La loi Essoc, adoptée en juillet 2018, prévoit en effet que le gouvernement puisse modifier par ordonnance certaines règles régissant le cadre normatif des modes d’accueil du jeune enfant. Le texte stipule à l’article 50 que le Gouvernement est autorisé à prendre par ordonnances « toute mesure relevant du domaine de la loi afin de faciliter l’implantation, le développement et le maintien de modes d’accueil de la petite enfance ».

Des options qui inquiètent

Depuis, un groupe de travail rassemblant professionnels de la petite enfance, représentants de gestionnaires d’établissements d’accueil du jeune enfant (EAJE) et de collectivités territoriales a planché sur la question. Il s’est réuni à plusieurs reprises de septembre 2018 à janvier 2019. Mais le contenu des ordonnances tarde à être dévoilé, et les options discutées lors de ce groupe de travail inquiètent beaucoup les professionnels de la petite enfance. Parmi les pistes évoquées on trouve :

  • un taux d’encadrement des enfants qui serait unifié en fonction de l’âge et non plus distingué selon que les enfants marchent ou non ;
  • une surface moyenne par enfant qui passerait de 7 à 5,5 m2 ;
  • des modalités de l’accueil en surnombre qui seraient elles aussi revues à la hausse ;
  • un assouplissement des qualifications requises auprès des enfants et la capacité des micro-crèches qui augmenterait de 10 à 16 enfants.

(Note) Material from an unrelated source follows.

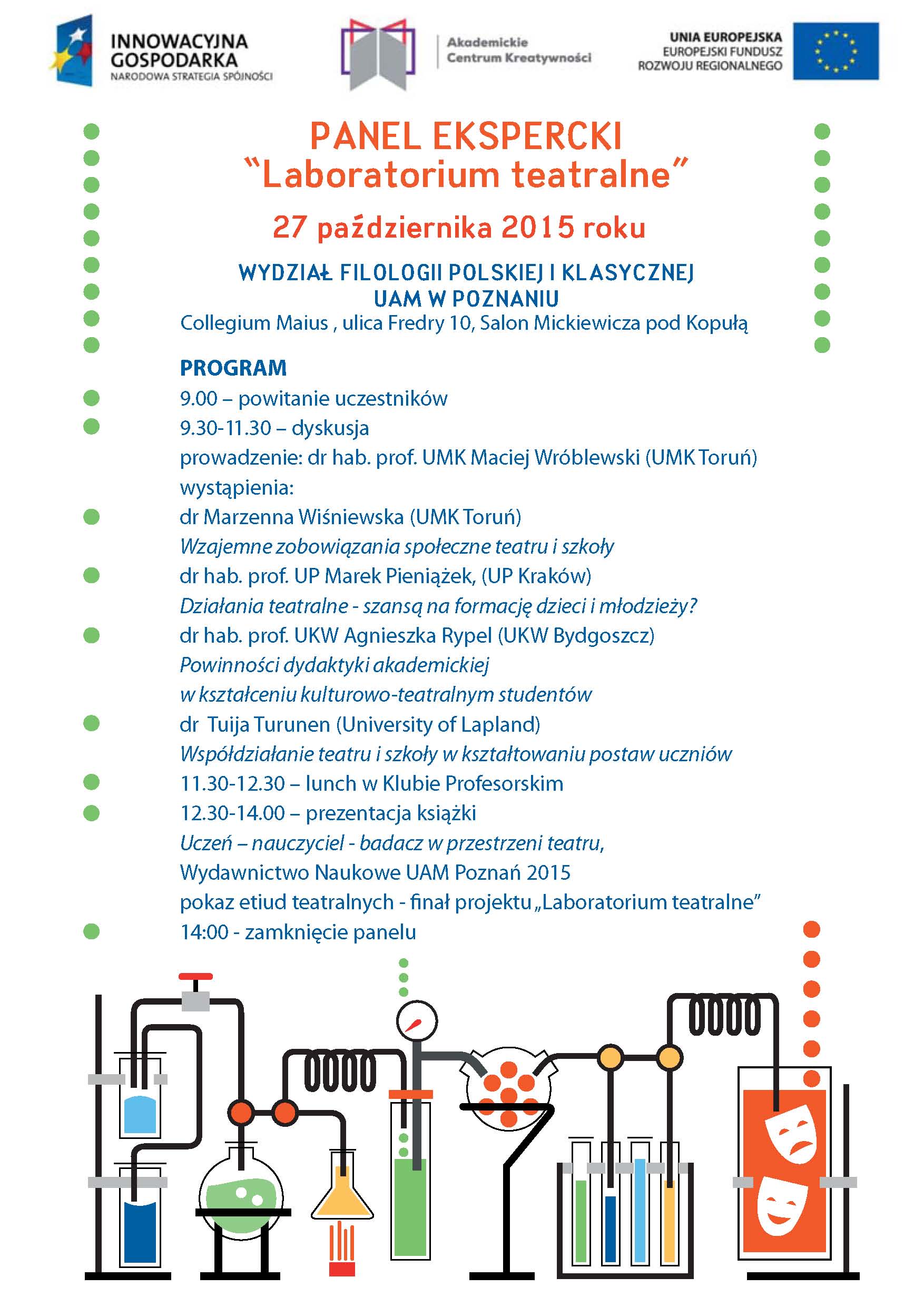 W dniu 27 października 2015 r. w poznańskim Collegium Maius (Salon Mickiewicza pod Kopułą) odbędzie się panel ekspercki podsumowujący projekt Akademickiego Centrum Kreatywności „Laboratorium teatralne” połączony z prezentacją książki „Uczeń – nauczyciel – badacz w przestrzeni teatru” oraz nagrań etiud teatralnych przygotowanych przez uczniów gimnazjum pod kierunkiem studentów WFPiK UAM. Serdecznie zapraszamy wszystkich zainteresowanych. Szczegółowy program na plakacie.

Suspicion sur les desseins du Gouvernement

Le Collectif « Pas de bébés à la consigne » a obtenu une entrevue auprès de Christelle Dubos, secrétaire d’Etat auprès de la ministre des Solidarités et de la Santé, en charge de la famille, le 21 mars 2019, au cours de laquelle aucune décision n’a filtré, augmentant la suspicion sur les ordonnances en préparation. Le 28 mars, la CGT appelait à la grève, tandis que « Pas de bébés à la consigne » organisait un rassemblement devant le ministère des solidarités et de la santé.

« Cela fait dix ans que l’on se bat pour défendre la qualité de l’accueil, depuis le décret Morano [NDLR : qui a assoupli les règles d’accueil en 2010]. On sait qu’il manque des places, et que l’accueil des jeunes enfants coûte de l’argent, mais on ne peut pas se contenter de mesures qui ne font que dégrader la qualité de l’accueil ! » soutient Emilie Philippe, porte parole du collectif.

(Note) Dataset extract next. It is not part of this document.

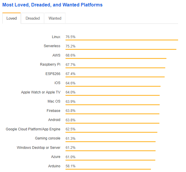 Linux 再次成为开发者最喜爱的开发平台,今年 Serverless 也很受欢迎。Sharepoint 连续第二年成为开发者最讨厌的平台,很多开发者最想在 Android 平台和树莓派上进行开发工作。

De son côté, l’Association des maires de France (AMF) porte également ces revendications sur la qualité de l’accueil. Elle insiste notamment sur l’exigence de qualification des professionnels de la petite enfance, et plaide pour le développement de filières de formation plus nombreuses.

Projet d’ordonnance en avril

Depuis, « Pas de bébés à la consigne » a obtenu la confirmation orale du cabinet de Christelle Dubos que le ratio des professionnels qualifiés ne serait pas modifié. Un projet de texte d’ordonnance devrait également être proposé courant avril 2019 qui ouvrirait une nouvelle phase de concertation. « Nous restons vigilants, prévient Emilie Philippe. Une pétition est en ligne pour tous les professionnels qui n’ont pas pu faire grève. Et l’on pourrait appeler à un nouveau mouvement, selon les options retenues par le gouvernement. »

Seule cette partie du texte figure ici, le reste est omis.